The city admitted it did not post the position for park police officer or first open the job to members of the Brockton City Employees Union, which includes police dispatchers and animal control officers, as required by contract.

Persampieri was not a member of the union when he was hired.

City officials admitted, after the union filed a grievance, that Persampieri should not have been hired for the $33,826-a-year job, but still kept him on the payroll. 

The park police job is covered by the Brockton City Employees Union, not the police officers union. Technically, a park police officer is not a Brockton patrolman, although the individual would have arrest powers in city parks.

"We made a mistake in not knowing it was a union position that had to be posted," Yunits said. "Obviously, it will be done differently next time around."

After the City Council cut the position June 23, citing budget issues, Persampieri used up his accrued sick time, returning to work for just part of one day until he was formally laid off. 

Under the union contract, employees accumulate 11/4 sick days a month.

The City Council last month unanimously removed $81,852 from the city budget to pay for two park police positions.

The park police position is paid through the Police Department's budget, and the person is sworn as a special police officer by the police chief. However, the Park Commission supervises the individual. 

The last person to hold the job was Charles Studenski, the police chief's brother, who was forced to retire Dec. 22, 2002, after being on disability since Jan. 17, 2000.

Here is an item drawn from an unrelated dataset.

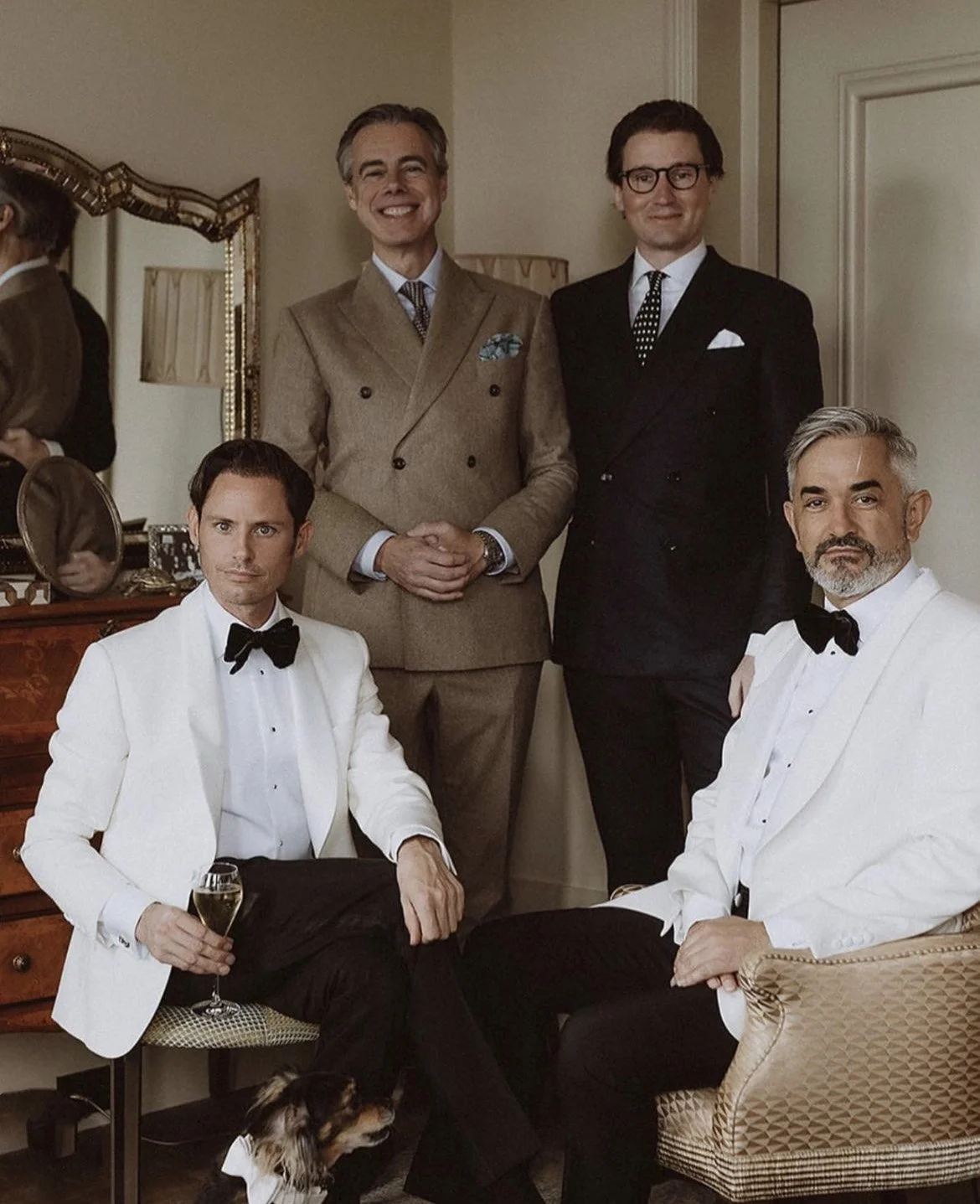 Uw tailors Menno en Melvin samen met Couturier Edwin Oudshoorn en zijn echtgenoot Nick poserend voor hun huwelijksvoltrekking in The Boardroom Amsterdam smokings | Fotocredits: Divine Day Potography | Locatie: Hotel L’europe Amsterdam

Mayor John T. Yunits Jr. earlier said he sent Persampieri to both Park Commissioner John Dorgan and Police Chief Paul Studenski to be interviewed for the sole park police officer slot with a recommendation that he be hired.


----------



## Guest (Jul 11, 2003)

Won't let it die will you? When your neck is on the line, and it will be some day, I'll be the first to shout it from the rooftops


> *BABBOON is FIRED, BABOON is FIRED*


I have extensive contacts within the LE community here in Mass and I will be there when you fall flat on your face. It won't be pretty, it'll be *PRETTY FUNNY* :lol: :lol: :lol: 
Keep it up kid, it just shows how much of an immature jerk you really are.


----------



## Riggs (May 30, 2003)

HC I agree. I will yell with you! When your job is on the line fight for everything you have due to you. JB71 you will see eventually.


----------